Page 47
The Human Genome Project: Elucidating Our Genetic Blueprint
ERIC D. GREEN
National Human Genome Research Institute National Institutes of Health Bethesda, Maryland
The human genome consists of approximately 3 billion base pairs (bp) of DNA contained within 24 chromosomes that range in size from approximately 50 million to 260 million bp. Encoded within this DNA are an estimated 25,000 to 75,000 genes and the necessary elements that control the regulation of their expression. A listing of the sequence of the human genome's bases in single-letter symbols (G, A, T, C) would fill about 13 sets of the Encyclopaedia Britannica,approximately 750 megabytes of computer disk space, or roughly 1 CD-ROM.
THE HUMAN GENOME PROJECT
The Human Genome Project is a coordinated, international effort to map and sequence the human genome and, in parallel, that of several well-studied model organisms. In the United States, the National Institutes of Health ( www.nhgri.nih.gov) and the Department of Energy ( jgi.doe.gov) orchestrate the relevant programs, with the project officially beginning on October 1, 1990. Since its inception, the Human Genome Project has been associated with carefully crafted, milestone-oriented goals, the most recent set being established in 1998 (Collins et al., 1998).
The first phase of the project involved constructing relatively low-resolution maps of the human genome and refining the approaches for large-scale DNA sequencing. The second phase has focused on establishing the complete sequence of the human and other vertebrate genomes, as well as beginning to decipher the encoded information in a systematic fashion.
Page 48
MAPPING THE HUMAN GENOME
Genomic maps are organizational representations that reflect specific features of the corresponding DNA. There are three major classes of genomic maps: cytogenetic, genetic, and physical ( Figure 1). In each case, the coordinates on which the maps are based reflect the experimental method(s) used to establish the relative positions of landmarks.
-
Cytogenetic maps. Cytogenetic maps represent the appearance of chromosomes when properly stained and examined microscopically. Particularly important is the appearance of differentially staining regions (called bands) that render each chromosome uniquely identifiable.
~ enlarge ~
Page 49
-
Genetic maps. Also known as linkage maps or meiotic maps, genetic maps depict the relative locations of genetic markers across a stretch of DNA. Genetic markers reflect sequences that vary among different individuals (i.e., they are polymorphic). Such sequence variation allows genetic markers to be followed during passage from one generation to the next.
-
Physical Maps. Physical maps depict the relative locations of physical landmarks across a stretch of DNA. The conventional approach for physical mapping involves fragmenting and cloning the DNA, and then reassembling the pieces in an organized fashion. A collection of ordered, overlapping clones is called a contig, since the clones together contain a contiguous segment of DNA.

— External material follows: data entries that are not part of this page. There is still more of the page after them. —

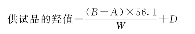 本法適用于供藥用或藥用輔料的脂類物質(zhì)及類似物(不包括揮發(fā)油)的測定。液體供試品如因析出硬脂發(fā)生渾濁時,應(yīng)先置50℃的水浴上加熱,使完quan熔化成澄清液體;加熱后如仍顯渾濁,可離心沉降或用干燥的保溫濾器濾過使澄清;將得到的澄清液體攪勻,趁其尚未凝固,用附有滴管的稱量瓶或附有玻勺的稱量杯,分別稱取下述各項(xiàng)檢驗(yàn)所需的供試品。固體供試品應(yīng)先在不高于其熔點(diǎn)10℃的溫度下熔化,離心沉降或?yàn)V過,再依法稱取。熔點(diǎn) 照熔點(diǎn)測定法(通則0612第二法)測定。酸值 酸值系指中和供試品1g中含有的游離脂肪酸所需氫氧化鉀的重量(mg),但在測定時可采用氫氧化鈉滴定液(0.1mol/L)進(jìn)行滴定。除另有規(guī)定外,按下表中規(guī)定的重量,精密稱取供試品,置250ml錐形瓶中,加乙醇-乙mi(1∶1)混合液[臨用前加酚酞指示液1.0ml,用氫氧化鈉滴定液(0.1mol/L)調(diào)至微顯粉紅色]50ml,振搖使完quan溶解(如不易溶解,緩慢加熱回流使溶解),用氫氧化鈉滴定液(0.1 mol/L)滴定,至粉紅色持續(xù)30秒不褪。以供試品消耗氫氧化鈉滴定液(0.1 mol/L)的體積(ml)為A,供試品的重量(g)為W,照下式計算酸值:羥值 羥值系指供試品1g中含有的羥基,經(jīng)用以下方法?;螅铓溲趸浀闹亓浚╩g)。除另有規(guī)定外,按下表中規(guī)定的重量,精密稱取供試品,置250ml的干燥碘瓶中,精密加入酰化劑(取對甲苯磺酸14.4g,置500ml碘瓶中,加乙酸乙酯360ml,振搖溶解后,緩緩加入醋酐120ml,搖勻,放置3日后用)5ml,用吡啶少許濕潤瓶塞,稍擰緊,輕輕搖動使完quan溶解,置50℃±1℃水浴中25分鐘(每10分鐘輕輕搖動)后,放冷,加吡啶-水(3∶5)20ml, 5分鐘后加甲酚紅-麝香草酚藍(lán)混合指示液8~10滴,用氫氧化鉀(或氫氧化鈉)滴定液(1mol/L)滴定至溶液顯灰藍(lán)色或藍(lán)色;同時做空白試驗(yàn)。以供試品消耗的氫氧化鉀(或氫氧化鈉)滴定液(1mol/L)的體積(ml)為A,空白試驗(yàn)消耗的體積(ml)為B,供試品的重量(g)為W,供試品的酸值為D,照下式計算羥值:碘值 碘值系指當(dāng)供試品100g充分鹵化時所需的碘量(g)。除另有規(guī)定外,取供試品適量[其重量(g)約相當(dāng)于25/供試品的最da碘值],精密稱定,置250ml的干燥碘瓶中,加三氯甲wan10ml,溶解后,精密加入溴化碘溶液25ml,密塞,搖勻,在暗處放置30分鐘。加入新制的碘化鉀試液10ml與水100ml,搖勻,用硫代硫酸鈉滴定液(0.1mol/L)滴定剩余的碘,滴定時注意充分振搖,待混合液的棕色變?yōu)榈S色,加淀粉指示液1ml,繼續(xù)滴定至藍(lán)色消失;同時做空白試驗(yàn)。以供試品消耗硫代硫酸鈉滴定液(0.1mol/L)的體積(ml)為A,空白試驗(yàn)消耗的體積(ml)為B,供試品的重量(g)為W,照下式計算碘值:過氧化值 過氧化值系指供試品1000g中含有的其氧化力與一定量的氧相當(dāng)?shù)倪^氧化物量。除另有規(guī)定外,取供試品5g,精密稱定,置250ml碘瓶中,加三氯甲wan-冰醋酸(2∶3)混合液30ml,振搖溶解后,加入碘化鉀試液0.5ml,準(zhǔn)確振搖萃取1分鐘,然后加水30ml,用硫代硫酸鈉滴定液(0.01mol/L)滴定。滴定時,注意緩慢加入滴定液,并充分振搖直至黃色幾乎消失,加淀粉指示液5ml,繼續(xù)滴定并充分振搖至藍(lán)色消失,同時做空白試驗(yàn)。空白試驗(yàn)中硫代硫酸鈉滴定液(0.01mol/L)的消耗量不得過0.1ml。以供試品消耗硫代硫酸鈉滴定液(0.01mol/L)的體積(ml)為A,空白試驗(yàn)消耗硫代硫酸鈉滴定液(0.01mol/L)的體積(ml)為B,供試品的重量(g)為W,照下式計算過氧化值:皂化值 皂化值系指中和并皂化供試品1g中含有的游離酸類和酯類所需氫氧化鉀的重量(mg)。除另有規(guī)定外,取供試品適量[其重量(g)約相當(dāng)于250/供試品的最da皂化值],精密稱定,置250ml回流瓶中,精密加入0.5mol/L氫氧化鉀乙醇溶液25ml,加熱回流30分鐘,然后用乙醇10ml沖洗冷凝器的內(nèi)壁和塞的下部,加酚酞指示液1.0ml,用鹽酸滴定液(0.5mol/L)滴定剩余的氫氧化鉀,至溶液的粉紅色剛好褪去,加熱至沸,如溶液又出現(xiàn)粉紅色,再滴定至粉紅色剛好褪去;同時做空白試驗(yàn)。以供試品消耗的鹽酸滴定液(0.5mol/L)的體積(ml)為A,空白試驗(yàn)消耗的體積(ml)為B,供試品的重量(g)為W,照下式計算皂化值:不皂化物 除另有規(guī)定外,取供試品約5g,精密稱定,置250ml回流瓶中,加氫氧化鉀乙醇溶液(取氫氧化鉀12g,加水10ml溶解,用乙醇稀釋至100ml,搖勻)50ml,水浴加熱回流1小時,放冷至25℃以下,移至帶有聚四氟乙烯活塞的分液漏斗中,用水洗滌回流瓶2次,每次50ml,洗液并入分液漏斗中。用乙mi提取3次,每次100ml;合并乙mi提取液,用水洗滌乙mi提取液3次,每次40ml,靜置分層,棄去水層;依次用3%氫氧化鉀溶液與水洗滌乙mi層各3次,每次40ml,再用水40ml反復(fù)洗滌乙mi層直至最后洗液中加酚酞指示液2滴不顯紅色。轉(zhuǎn)移乙mi提取液至已恒重的蒸發(fā)皿中,并用乙mi10ml洗滌分液漏斗,洗液并入蒸發(fā)皿中,置50℃水浴上蒸去乙mi,用丙酮6ml溶解殘渣,空氣流下?lián)]去丙酮。在105℃干燥至連續(xù)兩次稱重之差不超過1mg,計算不皂化物。取干燥后的殘渣,用中性乙醇20ml溶解殘渣,加酚酞指示液數(shù)滴,用乙醇制氫氧化鈉滴定液(0.1 mol/L)滴定至粉紅色持續(xù)30秒不褪色,如果消耗乙醇制氫氧化鈉滴定液(0.1mol/L)超過0.2ml,殘渣總量不能當(dāng)作不皂化物重量,試驗(yàn)必須重做。甾醇組成 取不皂化物項(xiàng)下經(jīng)乙醇制氫氧化鈉滴定液(0.1mol/L)滴定至
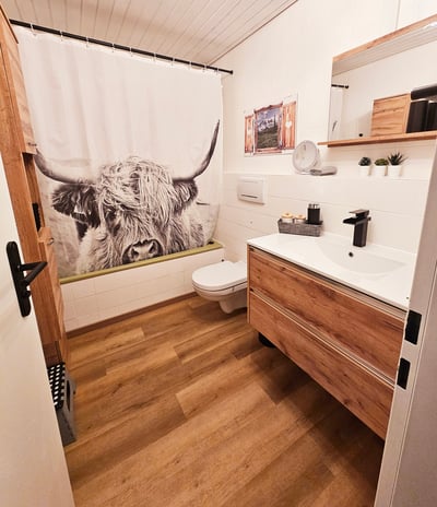 Große und geräumige Ferienwohnung mit drei Schlafzimmern einem Bad und 2 Toiletten für 13 Personen und zwei zusätzlichen Babybetten.
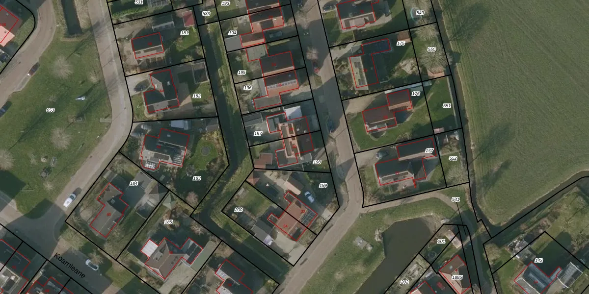 Koarnleane 30 is gelegen op kadastraal perceel NLD01K198. Deze kadastrale aanduiding is uniek en wordt gebruikt door het Kadaster om eigendomsrechten en andere zakelijke rechten vast te leggen. Het perceel maakt onderdeel uit van de kadastrale gemeente Nieuwland Friesland.
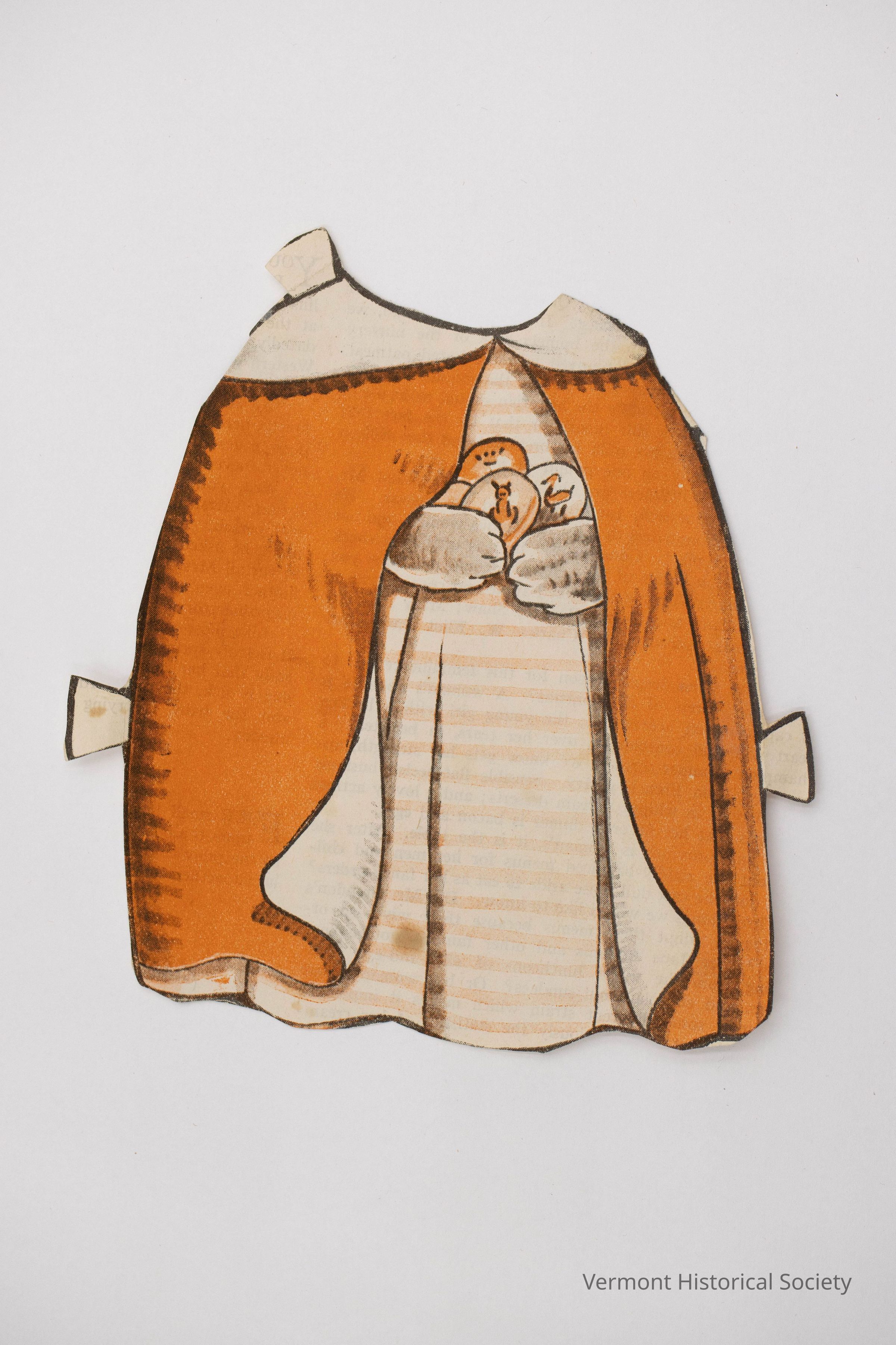 Printed paper cape for a paper doll. The cape is orange with a white dress beneath. Two gloved hands at the center are holding circles printed with animals. The back shows a portion of a magazine article.Context
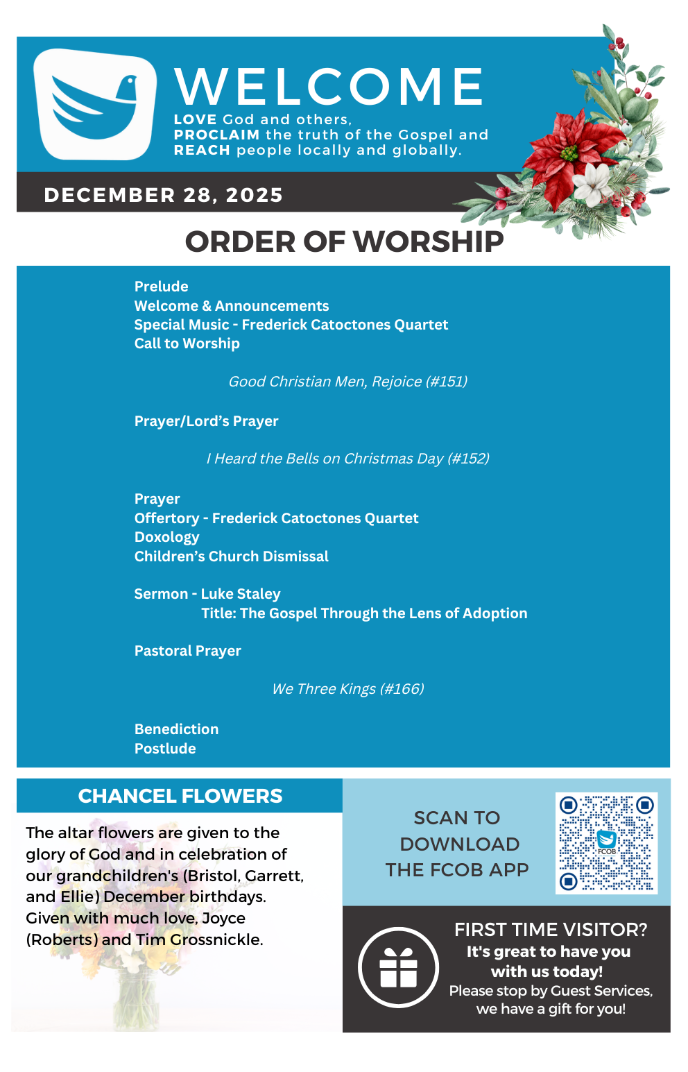 Your growth in Christ is important to us. We want to grow with you, and we have many different options to grow. You can join a fcobLifeGroup, and every Sunday Christian Education is available for adults, youth, and children. There is an opportunity to grow in Christ for everyone.
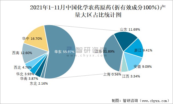 2021年1-11月中國化學農藥原藥(折有效成分100%)產量為227.5萬噸 華東地區(qū)產量最高(占比56%)
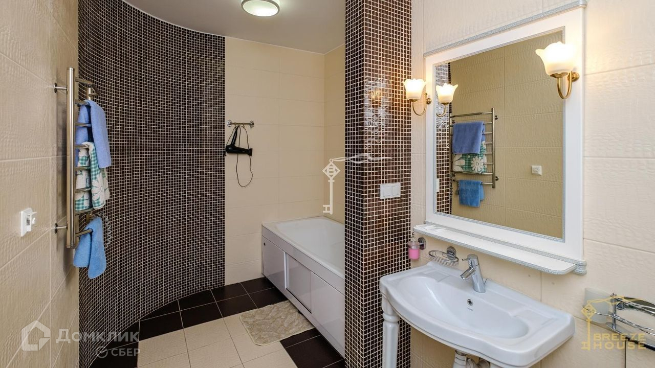 Видовая и просторная кухня-гостиная оборудована современной техникой. В комфортных санузлах с теплыми полами установлены тропический душ и джакузи.
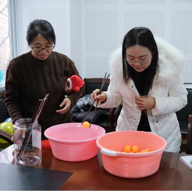 在联欢活动中,各系、中心、办公室教职工用饱满的情感分别演唱了《我和我的祖国》《歌唱祖国》等歌曲,用真情歌唱伟大祖国、共迎美好明天。现场气氛热烈欢快。老师们兴致勃勃地参加了“比比划划”、贴鼻子、夹乒乓球、猜灯谜、套圈、写福字、下象棋等丰富多彩的游艺活动。在活动中,老师们愉悦了心情、沟通了思想、交流了情感,激发了为学院发展再立新功、谱写新篇的劲头。
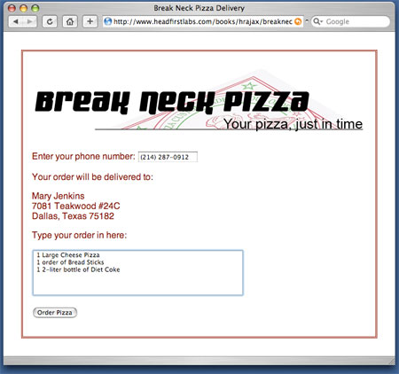 首先,得到 responseText 并使用 JavaScript split() 方法從管道符分開。得到的數(shù)組放到 response 中。數(shù)組中的第一個值 —— 上一個訂單 —— 用 response[0] 訪問,被設置為 ID 為 “order” 的字段的值。第二個值 response[1],即客戶地址,則需要更多一點處理。因為地址中的行用一般的行分隔符(“\n”字符)分隔,代碼中需要用 XHTML 風格的行分隔符 <br /> 來代替。替換過程使用 replace() 函數(shù)和正則表達式完成。最后,修改后的文本作為 HTML 表單 div 中的內(nèi)部 HTML。結果就是表單突然用客戶信息更新了,如圖 4 所示。
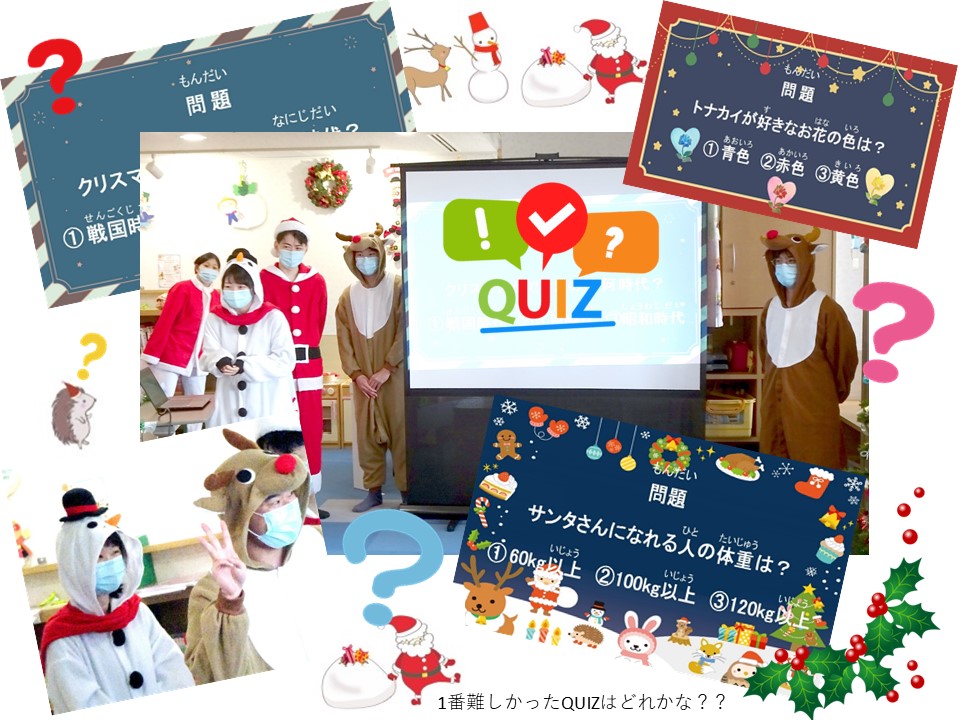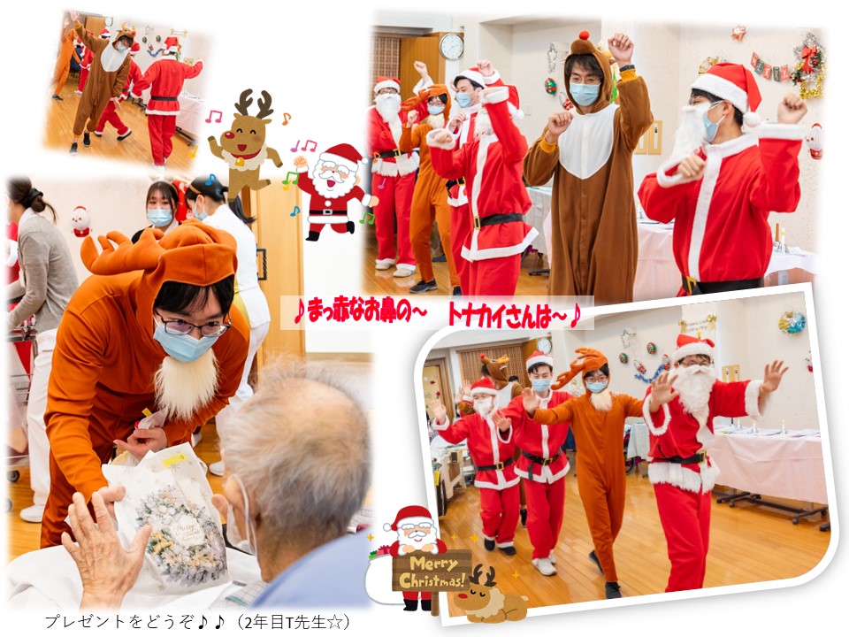 サンタさんには1年目M先生、助っ人としてトナカイに扮した1年目F先生の4名でクリスマス会を盛り上げることとなりました!
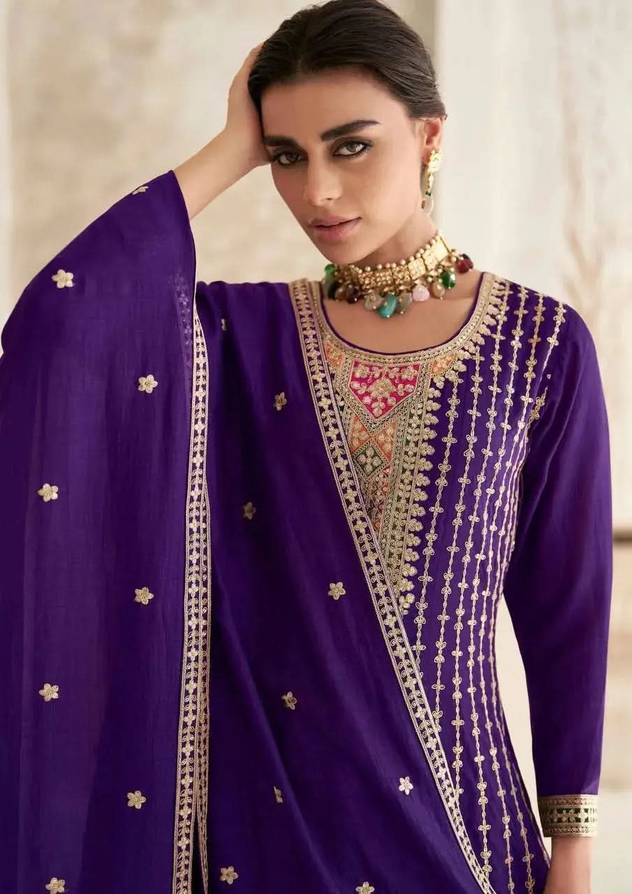 Elevate your wardrobe with the Jubilant Purple Chinon Embroidered Salwar Kameez. Made from high-quality Chinon fabric, this set features intricate embroidery work that adds a touch of elegance. The top, bottom, and dupatta, all made from Chinon, offer a luxurious feel and a comfortable fit. Perfect for any occasion.

The development of high-quality genetic and physical maps of the human genome represented key early activities of the Human Genome Project. These goals were largely reached by the mid-1990s ( Figure 2). Attention then turned to sequencing the human genome.
~ enlarge ~
Page 50
SEQUENCING THE HUMAN GENOME
The highest-resolution physical map is the actual DNA sequence, which depicts the precise order of bases (adenine [A], guanine [G], cytosine [C], and thymine [T]). A handful of techniques have been developed for sequencing DNA. The approach described by Sanger and coworkers in 1977 (Sanger et al., 1977)—dideoxy chain-termination sequencing—is the most widely used sequencing method. This technique involves the in vitrosynthesis of DNA molecules in the presence of artificial (dideoxy) bases, which prevent chain extension when incorporated into a growing DNA strand. The resulting population of DNA molecules, which terminate at different base positions, is then analyzed by gel electrophoresis and the relative migration of the various DNA fragments is used to deduce the sequence of the starting DNA. The most contemporary methods for large-scale DNA sequencing involve the incorporation of fluorescent tags into the DNA, followed by their real-time detection using laser-based instrumentation (Hunkapiller et al., 1991; Smith et al., 1986).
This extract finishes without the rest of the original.